ABOUT THIS TASK:
Without the pictures, print the lines running from the beginning of the material to the line containing "C’est encore une", both ends included.

TASK INPUTS:
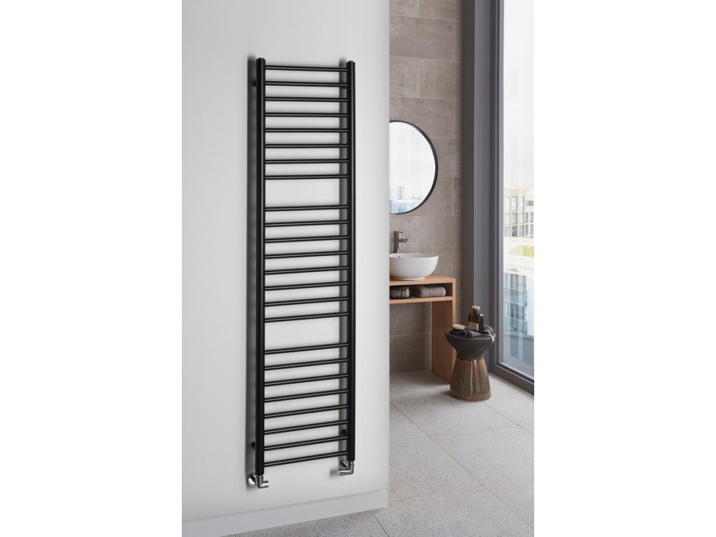 Elegantní koupelnový radiátor ze správně kombinovaných průměrů vodorovných a svislých trubek. Krása v jednoduchosti skloubená s atraktivním barevným provedením.
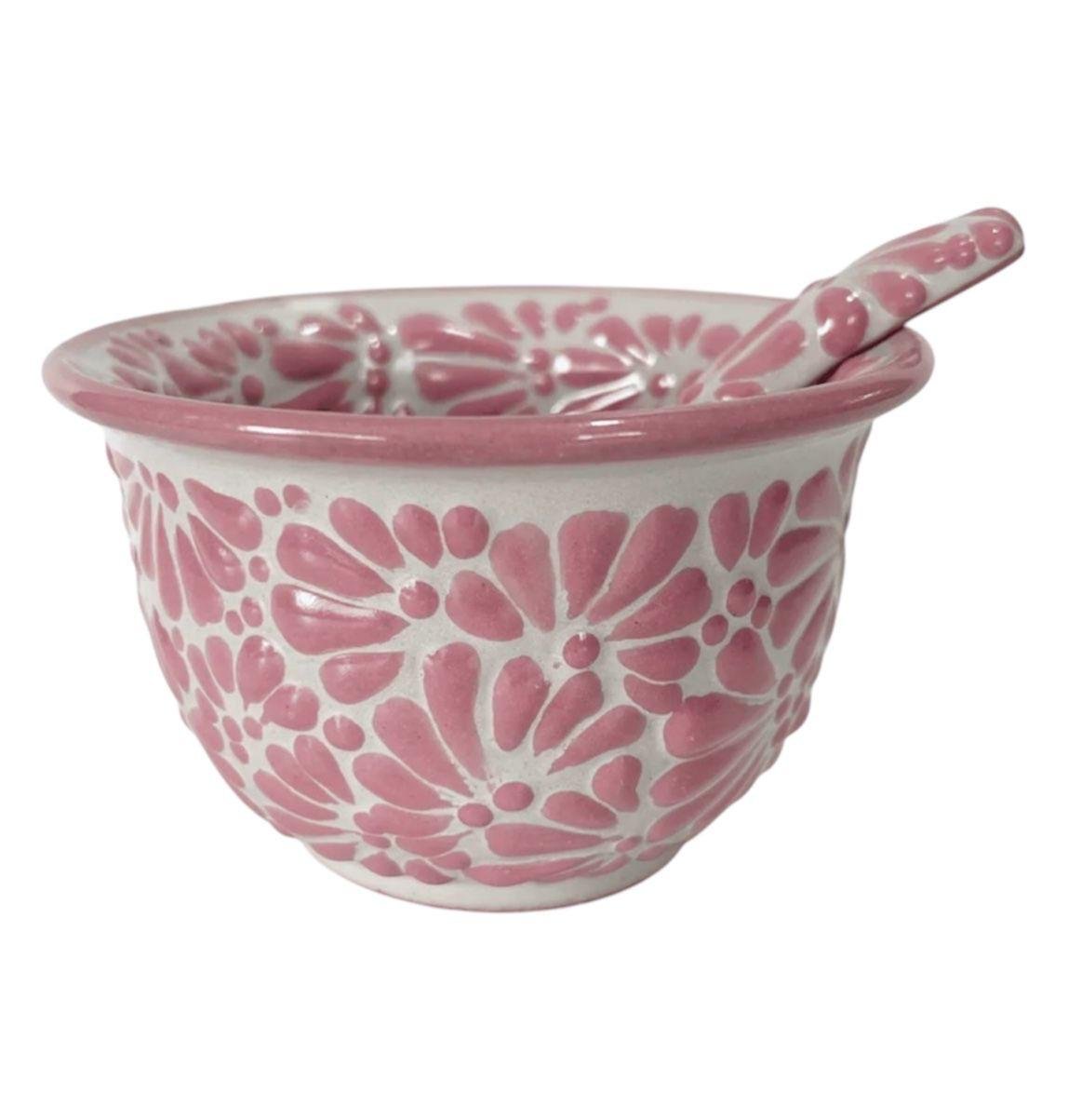 Salsera Con Cuchara Fondo Blanco Con Rosa Mik
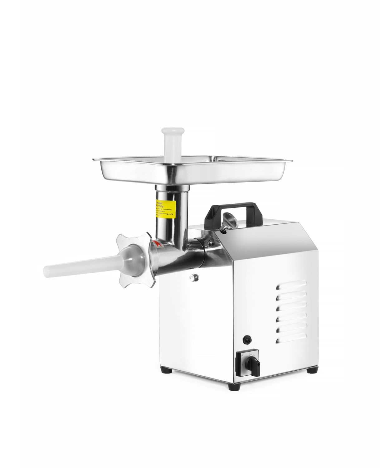 Mașină profesională de tocat carne din gama Top Line destinată măcinării tuturor tipurilor de carne fără oase și piele. Carcasa este realizată integral din oțel inoxidabil de înaltă calitate, lustruit. Gât detașabil din oțel inoxidabil chirurgical 304 18/10. Demontarea simplă a gâtului și a tuturor pieselor interne facilitează curățarea aparatului. Motor cu protecție la supraîncălzire. Funcție de revers în caz de blocare a gâtului. Buton de resetare pentru protecția dispozitivului împotriva supraîncărcării. Mâner comod de transport pe partea superioară a carcasei. Picioare antiderapante.
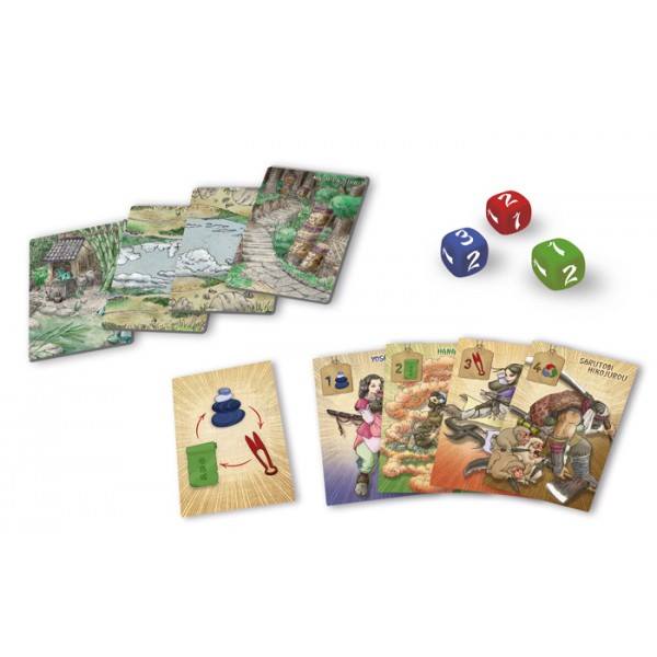 C’est encore une histoire de villages en conflit. 9 champs séparent ces deux villages. Chaque armée est composée de 1 chef + 9 Ninjas de type (pierre, feuille, ciseaux) et de force (1 à 3) différents. Elle va essayer d’aller prendre le contrôle du village adverse. Les déplacements des combattants sont gérés par 3 dés D3 de couleurs différentes (1 par type) que le joueur lance au début de son tour. Lorsque des ninjas adverses se rencontrent ils combattent « façon Chifoumi » (et vous êtes surpris si je vous dis que c’est grâce à Guillaume du même nom que j’ai appris que le jeu arrivait enfin ?). Si les combattants ont la même arme, c’est leur force qui les départage et en cas d’égalité chacun bat en retraite. Bref c’est simple, tactique, mâtiné d’un peu de hasard pour les déplacements avec les dés et belliqueux à souhait ! J’en avais gardé un excellent souvenir.
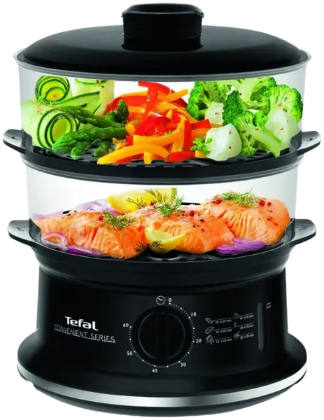 Довольно вместительная, отделения внутри распределены по характерному рисунку, чтобы во время приготовления отдельных продуктов, котлет например, можно было их расположить на правильном расстоянии друг от друга. Управление простое, справится даже первоклассник, нужно просто повернуть рычаг на нужный таймер, а дальше она сама приготовит и выключится. Кстати, в защиту от сгорания стоит реле которое автоматически выключает пароварку во время работы на несколько секунд. Тефаль выбрала по рекомендации подруги, все таки это известный бренд, так что сомнений не было. А цена на этом сайте мне показалась наиболее выгодной чем в других магазинах, жалко только что вверху нет зажимного клапана выпуска пара.
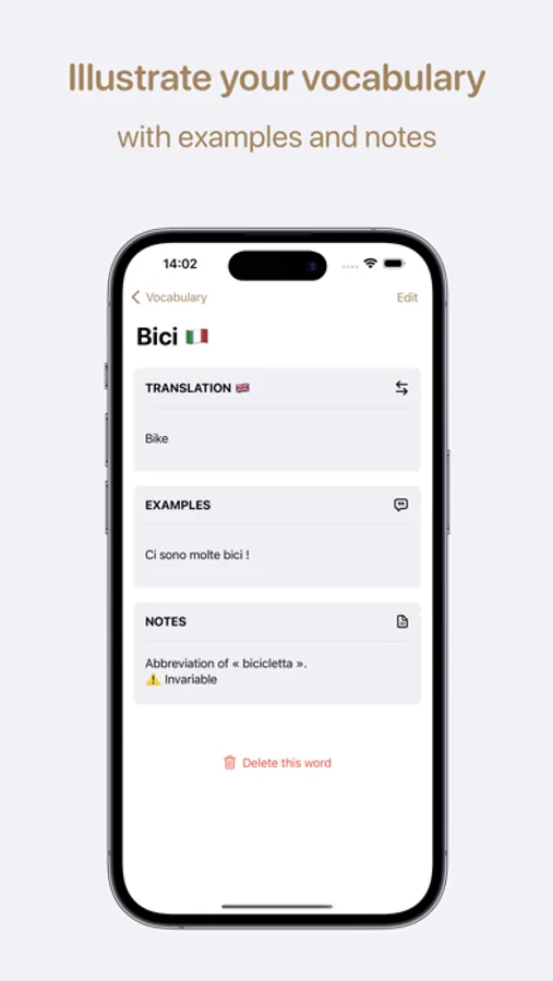 Leximio automatically detects the language you're typing in. And with the ability to add your own personal notes and examples, you can tailor your learning experience to suit your needs and preferences.
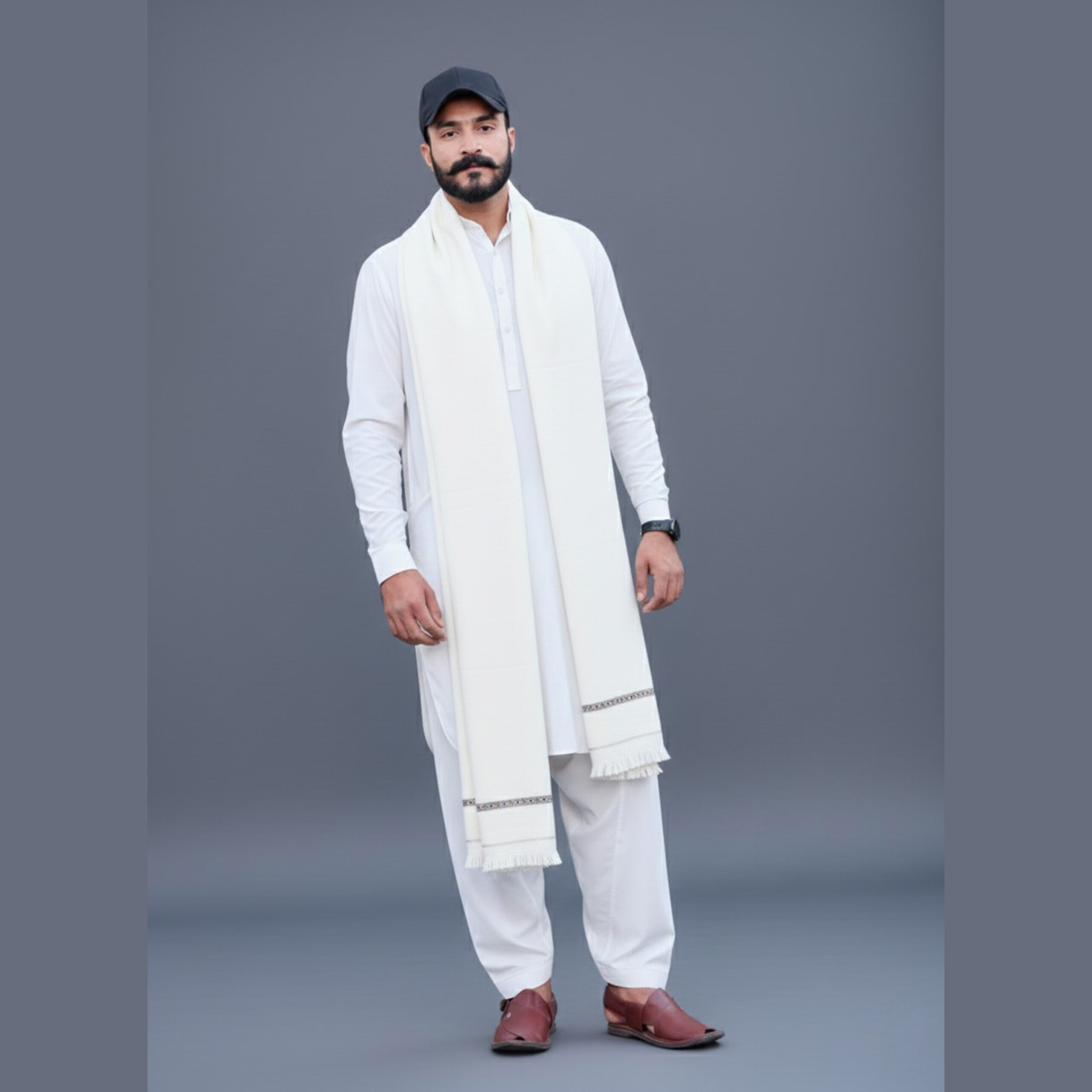 Off-White Pashmina Shawl for Men – Premium Winter Elegance by Wirsa.pk
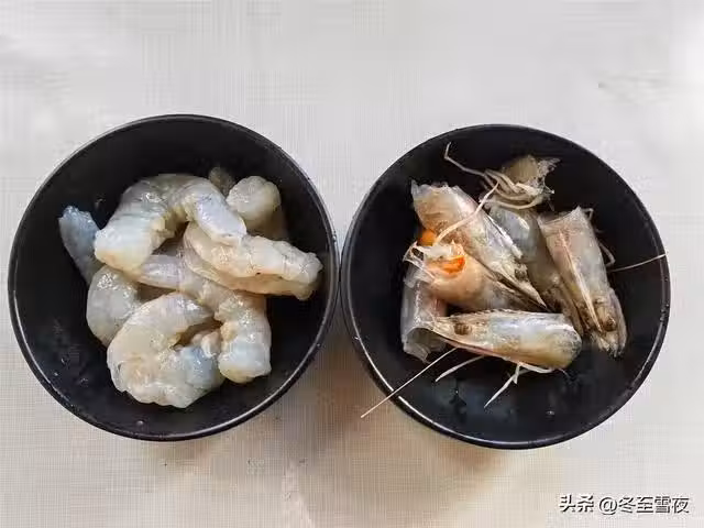 3.把大蝦的頭切下來,放在碗內待用,把蝦身的蝦皮剝下來,再把蝦仁的背部,片一刀,取出蝦線,把蝦仁放在碗內,加入少許白鬍椒粉,料酒,少許鹽,抓勻,腌制幾分鐘。把蝦仁的背部片開,這樣蝦仁更容易熟,加入白鬍椒粉和料酒,可以去除大蝦的腥味。
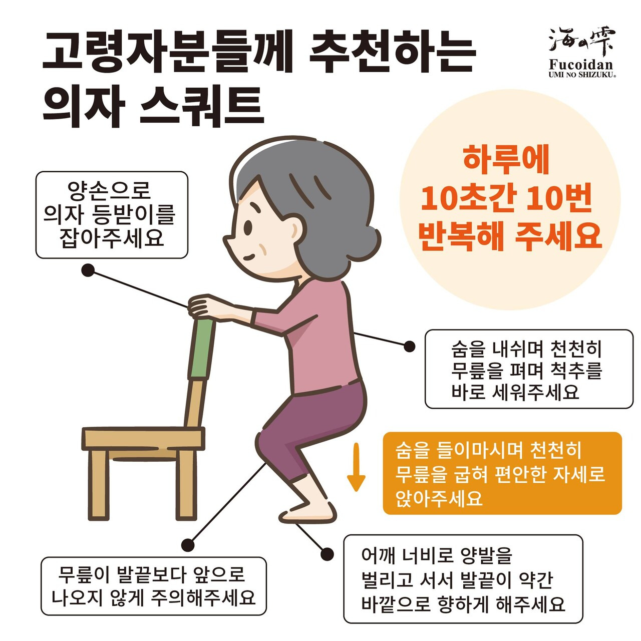 - 종아리 둘레 측정: 남성은 34cm, 여성은 33cm 미만일 경우 근감소증의 가능성이 있습니다.

RESULT OF THE TASK:
 Elegantní koupelnový radiátor ze správně kombinovaných průměrů vodorovných a svislých trubek. Krása v jednoduchosti skloubená s atraktivním barevným provedením.
 Salsera Con Cuchara Fondo Blanco Con Rosa Mik
 Mașină profesională de tocat carne din gama Top Line destinată măcinării tuturor tipurilor de carne fără oase și piele. Carcasa este realizată integral din oțel inoxidabil de înaltă calitate, lustruit. Gât detașabil din oțel inoxidabil chirurgical 304 18/10. Demontarea simplă a gâtului și a tuturor pieselor interne facilitează curățarea aparatului. Motor cu protecție la supraîncălzire. Funcție de revers în caz de blocare a gâtului. Buton de resetare pentru protecția dispozitivului împotriva supraîncărcării. Mâner comod de transport pe partea superioară a carcasei. Picioare antiderapante.
 C’est encore une histoire de villages en conflit. 9 champs séparent ces deux villages. Chaque armée est composée de 1 chef + 9 Ninjas de type (pierre, feuille, ciseaux) et de force (1 à 3) différents. Elle va essayer d’aller prendre le contrôle du village adverse. Les déplacements des combattants sont gérés par 3 dés D3 de couleurs différentes (1 par type) que le joueur lance au début de son tour. Lorsque des ninjas adverses se rencontrent ils combattent « façon Chifoumi » (et vous êtes surpris si je vous dis que c’est grâce à Guillaume du même nom que j’ai appris que le jeu arrivait enfin ?). Si les combattants ont la même arme, c’est leur force qui les départage et en cas d’égalité chacun bat en retraite. Bref c’est simple, tactique, mâtiné d’un peu de hasard pour les déplacements avec les dés et belliqueux à souhait ! J’en avais gardé un excellent souvenir.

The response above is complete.